BluEyeL Posted January 9, 2015 Posted January 9, 2015 You want someone by your side, yet, you have nothing to offer romantically to a woman. You werd born 500 years too late. 1
Lernaean_Hydra Posted January 9, 2015 Posted January 9, 2015 Maybe I am clueless about this stuff, but from what I remember from health class, it sounds pretty gross and messy. I'll do it to have a child someday, but even then, I'll be darned if I know what to do--do they teach you about this in marriage counseling? Also, FYI: I am a Christian who stands by the "no sex until marriage" code in the Bible. First of all, while you may not "get why we think sex is so important", it's a biological imperative for starters. A big deal is made out of it because it needs to be had. We're the "only species" that does this because we're the only species that experiences sex in the way human beings do. Simply put, it's an act that can fundamentally alter ones brain chemistry, thoughts and feelings towards ones partner. It brings two people closer together as it is virtually the ultimate form of bonding. Meanwhile, a lack of it can also alter brain chemistry...with negative effects. The fact that you view it as merely "messy" and "gross" says a lot more about you than it does about the act itself. While it can get messy it most certainly isn't "gross" (to most people) and it feels GREAT. It's incredible in ways your brain can't even begin to imagine. Now as much as I'd like to believe you feel this way simply because you've never experienced it, it could very well have more to do with your sexual orientation (sex-repulsed Asexual seems like one possibility) than anything else. Kisses and cuddles just aren't going to cut it for most women. It just isn't enough. You would be stripping away a part of the relationship that is one of THE BEST ways to build and strengthen intimacy in a couple. You don't want a wife or a girlfriend, you want a best friend with benefits, only the "benefits" in this scenario are...I guess she gets to take care of your house and cuddle on the couch at the end of the day? You would be asking quite of lot of someone to want them to stick by your side for life as basically a roommate you sometimes makeout with.

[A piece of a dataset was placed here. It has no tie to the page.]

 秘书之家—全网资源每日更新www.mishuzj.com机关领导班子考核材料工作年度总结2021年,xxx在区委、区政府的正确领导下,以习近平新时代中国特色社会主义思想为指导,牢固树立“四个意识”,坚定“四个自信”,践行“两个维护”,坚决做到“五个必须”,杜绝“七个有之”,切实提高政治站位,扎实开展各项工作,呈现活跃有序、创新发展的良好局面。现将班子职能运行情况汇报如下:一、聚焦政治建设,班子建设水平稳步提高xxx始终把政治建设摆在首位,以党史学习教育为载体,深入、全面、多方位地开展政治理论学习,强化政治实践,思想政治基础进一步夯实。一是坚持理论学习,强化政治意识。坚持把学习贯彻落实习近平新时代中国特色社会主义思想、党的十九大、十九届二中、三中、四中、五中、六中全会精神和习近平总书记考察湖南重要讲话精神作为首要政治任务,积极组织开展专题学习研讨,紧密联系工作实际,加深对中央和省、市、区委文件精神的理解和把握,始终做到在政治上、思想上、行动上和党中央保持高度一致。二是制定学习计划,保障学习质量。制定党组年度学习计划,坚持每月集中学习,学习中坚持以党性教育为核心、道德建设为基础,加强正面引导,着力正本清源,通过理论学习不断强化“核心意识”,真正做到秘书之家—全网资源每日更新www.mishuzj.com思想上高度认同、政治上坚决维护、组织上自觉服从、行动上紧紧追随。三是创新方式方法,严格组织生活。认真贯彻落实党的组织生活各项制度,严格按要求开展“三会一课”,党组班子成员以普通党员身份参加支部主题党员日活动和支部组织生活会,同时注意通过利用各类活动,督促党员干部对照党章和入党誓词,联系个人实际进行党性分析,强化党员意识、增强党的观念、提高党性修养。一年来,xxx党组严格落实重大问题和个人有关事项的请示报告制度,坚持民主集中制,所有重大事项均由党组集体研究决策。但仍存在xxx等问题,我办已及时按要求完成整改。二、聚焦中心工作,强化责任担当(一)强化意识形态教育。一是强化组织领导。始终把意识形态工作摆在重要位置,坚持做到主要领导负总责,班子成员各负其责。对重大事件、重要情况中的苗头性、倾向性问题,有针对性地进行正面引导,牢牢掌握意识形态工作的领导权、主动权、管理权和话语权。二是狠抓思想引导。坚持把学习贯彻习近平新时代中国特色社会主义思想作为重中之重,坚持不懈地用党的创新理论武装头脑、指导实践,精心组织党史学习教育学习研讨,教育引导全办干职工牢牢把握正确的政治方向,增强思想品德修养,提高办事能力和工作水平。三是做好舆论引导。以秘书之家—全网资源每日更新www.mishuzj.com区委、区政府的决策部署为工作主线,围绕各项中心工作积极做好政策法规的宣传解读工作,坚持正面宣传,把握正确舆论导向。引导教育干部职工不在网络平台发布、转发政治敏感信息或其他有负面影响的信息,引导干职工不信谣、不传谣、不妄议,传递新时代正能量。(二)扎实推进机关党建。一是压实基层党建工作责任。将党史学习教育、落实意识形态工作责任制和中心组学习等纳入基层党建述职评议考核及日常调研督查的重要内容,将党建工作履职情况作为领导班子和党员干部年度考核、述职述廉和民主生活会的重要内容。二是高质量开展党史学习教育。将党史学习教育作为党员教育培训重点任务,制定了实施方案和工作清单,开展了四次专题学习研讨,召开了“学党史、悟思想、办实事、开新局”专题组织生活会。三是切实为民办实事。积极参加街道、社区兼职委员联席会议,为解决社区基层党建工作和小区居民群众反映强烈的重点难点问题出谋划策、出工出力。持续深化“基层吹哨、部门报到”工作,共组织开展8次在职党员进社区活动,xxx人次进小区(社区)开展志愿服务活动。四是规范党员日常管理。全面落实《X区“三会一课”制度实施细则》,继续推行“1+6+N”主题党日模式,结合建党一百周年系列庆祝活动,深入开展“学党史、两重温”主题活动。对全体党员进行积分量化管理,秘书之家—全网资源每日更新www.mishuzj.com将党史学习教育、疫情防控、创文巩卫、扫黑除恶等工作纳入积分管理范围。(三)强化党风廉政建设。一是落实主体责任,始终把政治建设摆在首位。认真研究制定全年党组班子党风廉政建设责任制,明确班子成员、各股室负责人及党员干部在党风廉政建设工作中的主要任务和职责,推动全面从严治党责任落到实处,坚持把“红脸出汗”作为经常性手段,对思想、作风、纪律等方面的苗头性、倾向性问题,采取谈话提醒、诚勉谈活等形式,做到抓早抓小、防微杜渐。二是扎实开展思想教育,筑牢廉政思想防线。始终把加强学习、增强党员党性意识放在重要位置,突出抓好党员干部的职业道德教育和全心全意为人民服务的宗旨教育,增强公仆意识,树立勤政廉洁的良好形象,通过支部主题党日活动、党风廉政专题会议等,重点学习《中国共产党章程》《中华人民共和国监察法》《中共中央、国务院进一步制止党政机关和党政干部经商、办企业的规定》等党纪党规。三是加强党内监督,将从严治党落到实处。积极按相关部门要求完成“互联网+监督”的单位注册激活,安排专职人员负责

Mirages Posted January 9, 2015 Posted January 9, 2015 "sex... I just don't see the point if it's not for procreation. I hope this won't kill a relationship." You and I share points 1 to 3.5, but this last part quoted above, hmm. I feel that you may have boundaries to developing trust either due to social inhibition or a traumatic past. I share some of those issues with you, to a very slight degree. But to cause yourself to believe that being asexual is just the logical way to be, unless you are really sure that is you, is akin to stating that music is meaningless because spoken words are more efficient. I would try a couple of steps in self improvement just to work your confidence, i.e. exercise, and get some nice clothes. Without knowing any more than you write, I suspect some steps like that would benefit you. Having parents that are not right for each other likely contributed to your social distance perspective.